Tension within a medial patellofemoral ligament graft increases with the lateral position of the tibial tuberosity, leading to better graft function and decreased patellar maltracking, according to published results.

Miho J. Tanaka, MD, and colleagues simulated flexion angles in knees with lateral patellar instability using 15 multibody dynamic models. The models were simulated in both a preoperative state and following medial patellofemoral ligament (MPFL) reconstruction, according to the study abstract.

“Maximum graft tension was significantly correlated with a parameter characterizing lateral position of the tibial tuberosity (maximum lateral tibial tuberosity to posterior cruciate ligament attachment distance, r 2=0.73, P<.001),” Tanaka and colleagues wrote in their abstract.

Tanaka and colleagues also found that low flexion angles allowed for optimal graft tension and decreased lateral patellar shift, as measured by the bisect offset index (0.81 after MPFL reconstruction, 0.71 in the preoperative condition).
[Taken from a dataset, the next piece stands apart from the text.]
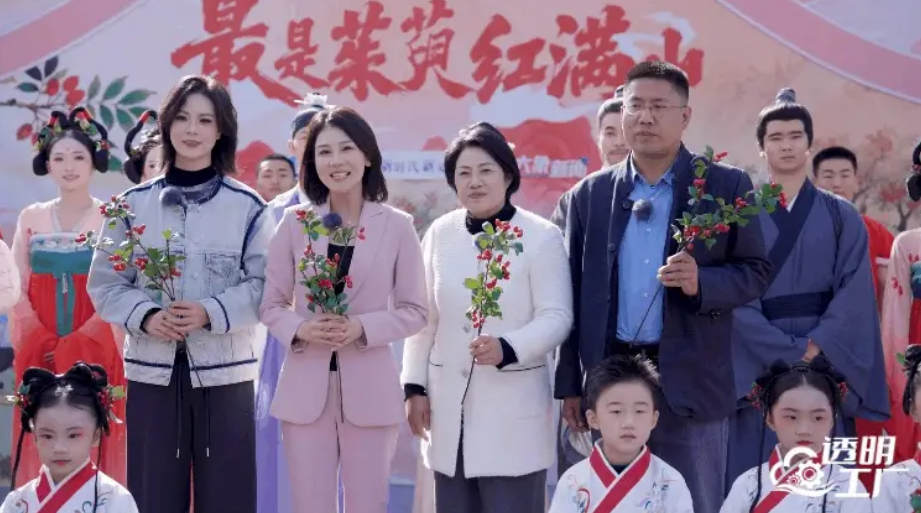 节目组嘉宾在茱萸林采摘山茱萸。

“The results indicate that tension within an MPFL graft increases with the lateral position of the tibial tuberosity. The graft tension peaks at low flexion angles and decreases lateral patellar maltracking,” the researchers wrote in the abstract. “The factors that influence graft function following MPFL reconstruction need to be understood to limit patellar maltracking without overloading the graft or over constraining the patella.” – by Max R. Wursta

 

Disclosure: Tanaka reports she received grants from the Arthroscopy Association of North America during the conduct of the study; is an American Academy of Orthopaedic Surgeons committee member; and is on the American Journal of Sports Medicine electronic media editorial board, as well as the board of directors of the Patellofemoral Foundation.

    Perspective
    William R. Post

    William R. Post

    This study by Tanaka and colleagues was done using dynamic CT and quadriceps active MRI imaging data from a total of 15 patients to create a computer simulation model. The structural data obtained from these individual patients were used to evaluate the load present in the simulated MPFL graft for these patients.

    As expected, graft tension is greatest in early flexion as the patella is guided into the trochlear groove. Average graft tension in early flexion was less than 10 N (2.2 lbs.). It is very important to not over tension MPFL grafts and the authors’ model reflects this fact. Patella alta and trochlear dysplasia in these particular knees did not show a significant effect on graft tension, but lateral displacement of the tibial tuberosity did. Patellar tracking was improved after MPFL reconstruction was applied. It should be noted, however, that clinical use of MPFL reconstruction is not recommended clinically to improve tracking but rather to provide a static check rein to lateral displacement (lateral instability). 

    It is exciting to see the beginning of patient-specific biomechanical computer simulations, which might eventually lead to the ability to model-specific operations in specific patients. I look forward to the further development of this model to include more complex and clinically relevant movements and different surgical interventions.

    • William R. Post, MD
    • Chair
      International Patellofemoral Study Group
      Mountaineer Orthopedic Specialists
      Morgantown, West Virginia

    Disclosures: Post reports no relevant financial disclosures.